RECORDED INFORMATION -
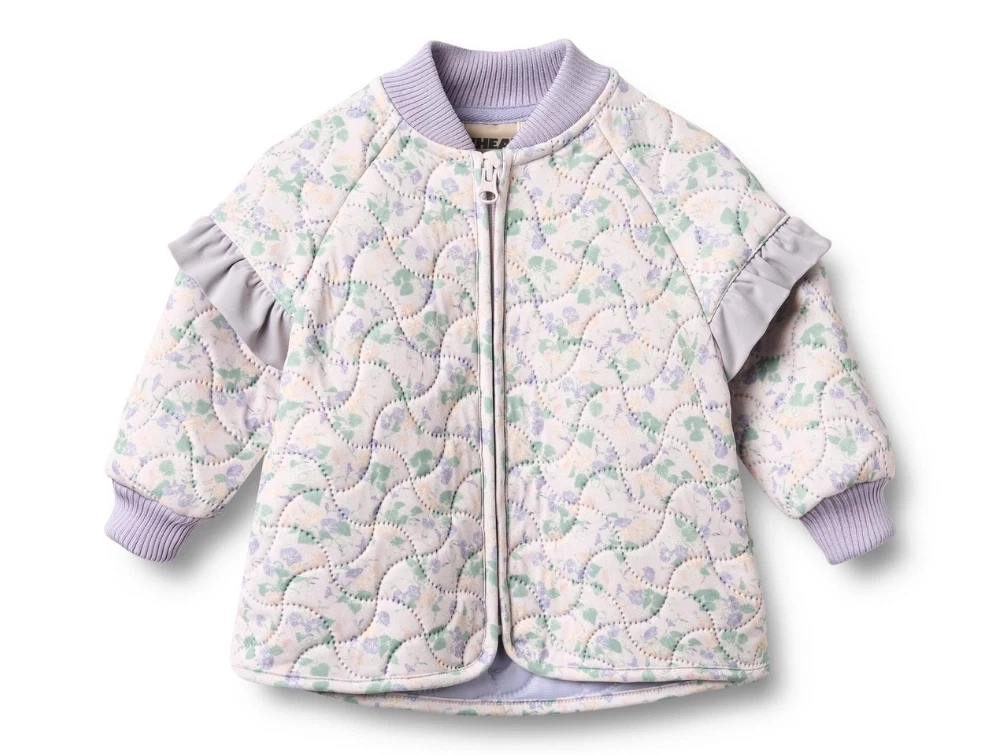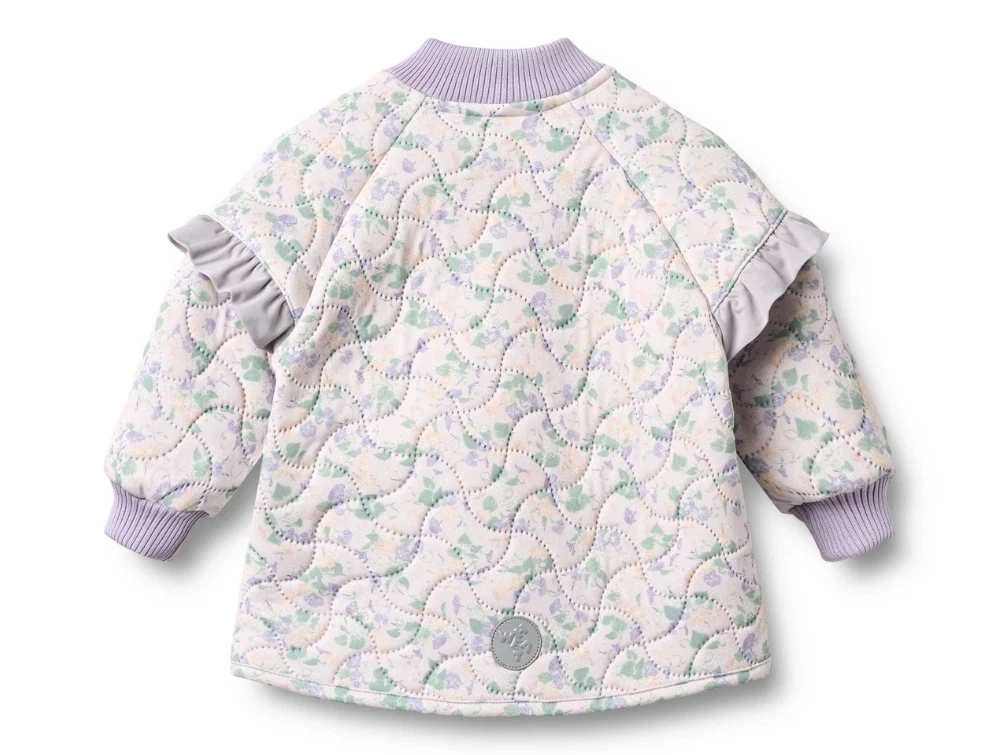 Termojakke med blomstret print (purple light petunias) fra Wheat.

---

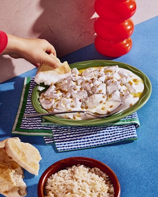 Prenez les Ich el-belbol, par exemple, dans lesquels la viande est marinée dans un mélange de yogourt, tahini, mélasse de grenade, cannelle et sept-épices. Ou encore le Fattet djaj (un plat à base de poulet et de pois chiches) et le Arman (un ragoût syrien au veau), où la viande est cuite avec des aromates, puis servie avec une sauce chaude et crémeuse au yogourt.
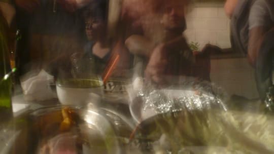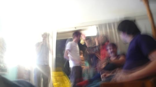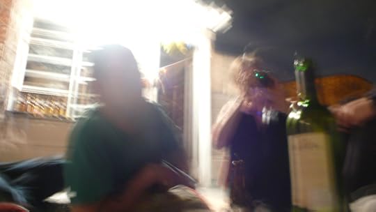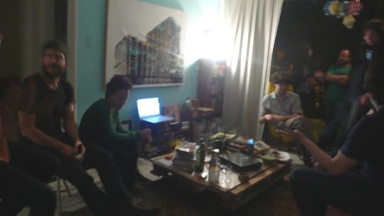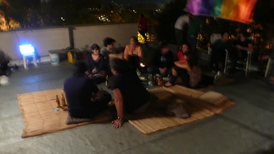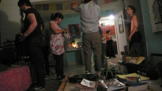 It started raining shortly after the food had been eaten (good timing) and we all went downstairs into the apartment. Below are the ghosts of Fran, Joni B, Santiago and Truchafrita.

WHAT THE EXERCISE ASKS - Drop the pictures; return the lines above from the line containing "Prenez les Ich" to the line containing "It started raining", both included, exactly.

PROBLEM SOLUTION -
 Prenez les Ich el-belbol, par exemple, dans lesquels la viande est marinée dans un mélange de yogourt, tahini, mélasse de grenade, cannelle et sept-épices. Ou encore le Fattet djaj (un plat à base de poulet et de pois chiches) et le Arman (un ragoût syrien au veau), où la viande est cuite avec des aromates, puis servie avec une sauce chaude et crémeuse au yogourt.
 It started raining shortly after the food had been eaten (good timing) and we all went downstairs into the apartment. Below are the ghosts of Fran, Joni B, Santiago and Truchafrita.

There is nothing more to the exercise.